Data excerpt:
▬▬▬

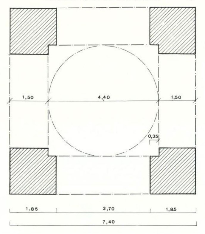 D'ailleurs si nous prenons un carré de l'ouverture de ce Chahar Taq de 3 meh nessou de côté, le cercle de même périmétrie fait bien 2 mètres de diamètre.
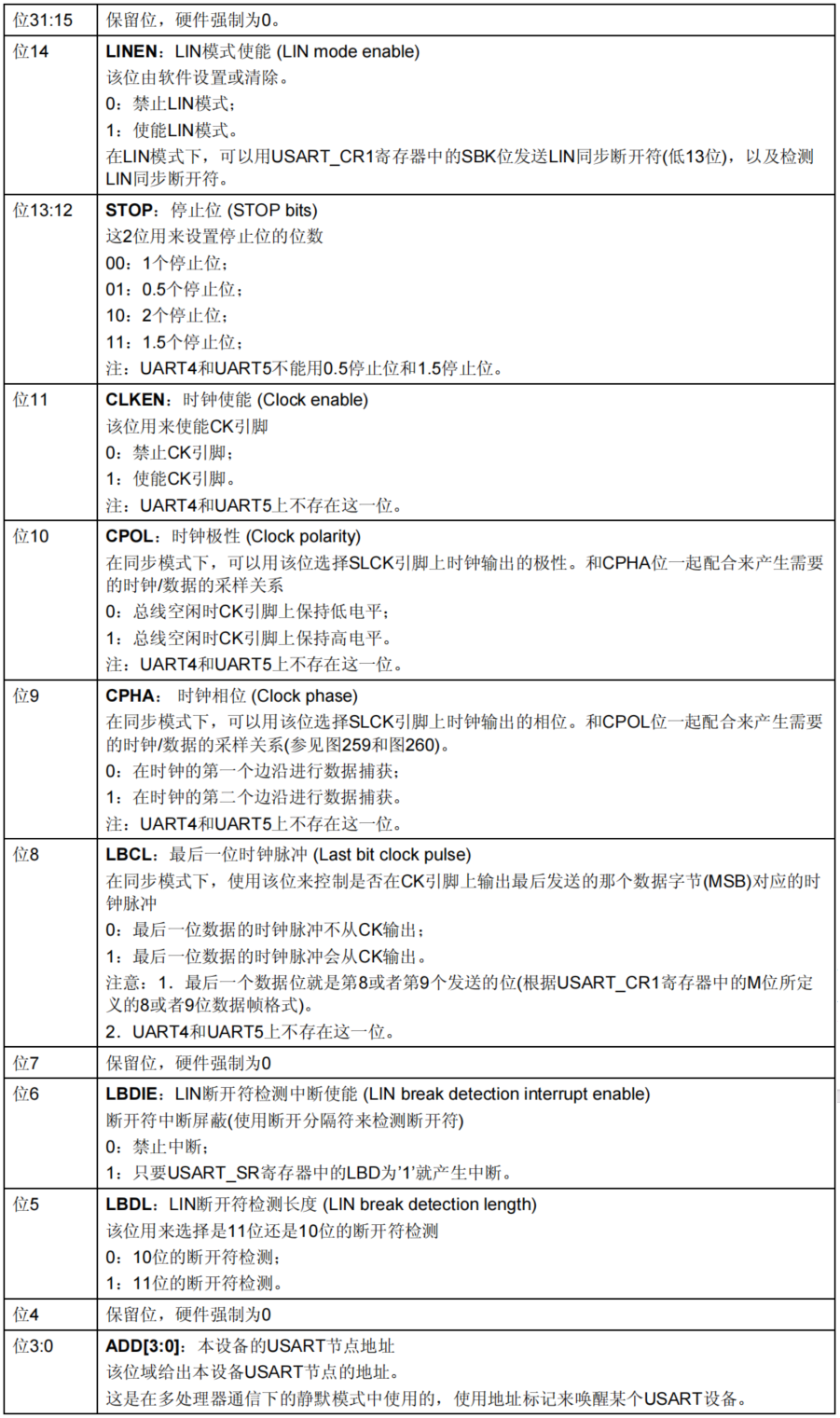 在USART_CR2中,常用的控制位有:STOP
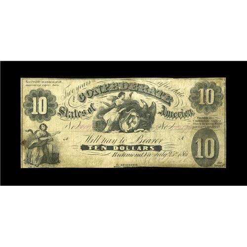 <B>T10 $10 1861.</B></I> This popular error features the double "For". Listed as PF-14, this is the plate note in <I>Collecting Confederate Paper Money</B></I> and enjoys a rarity 4+ rating. This is the sixth finest example known grading <B>Very Good+</B></I> with some mounting remnants on the back. <I>Ex-Fricke Collection.</B></I><BR><BR><b>Shipping:</b> Coin/Currency (<a target="_blank" href="http://www.heritageauctions.com/common/shipping.php">view shipping information</a>)

▬▬▬

What you are asked to do: Exact copy, pictures omitted: every line from the one holding "在USART_CR2中,常用的控制位有:STOP" through the last line of the data above, and nothing else.

Problem solution:
 在USART_CR2中,常用的控制位有:STOP
 <B>T10 $10 1861.</B></I> This popular error features the double "For". Listed as PF-14, this is the plate note in <I>Collecting Confederate Paper Money</B></I> and enjoys a rarity 4+ rating. This is the sixth finest example known grading <B>Very Good+</B></I> with some mounting remnants on the back. <I>Ex-Fricke Collection.</B></I><BR><BR><b>Shipping:</b> Coin/Currency (<a target="_blank" href="http://www.heritageauctions.com/common/shipping.php">view shipping information</a>)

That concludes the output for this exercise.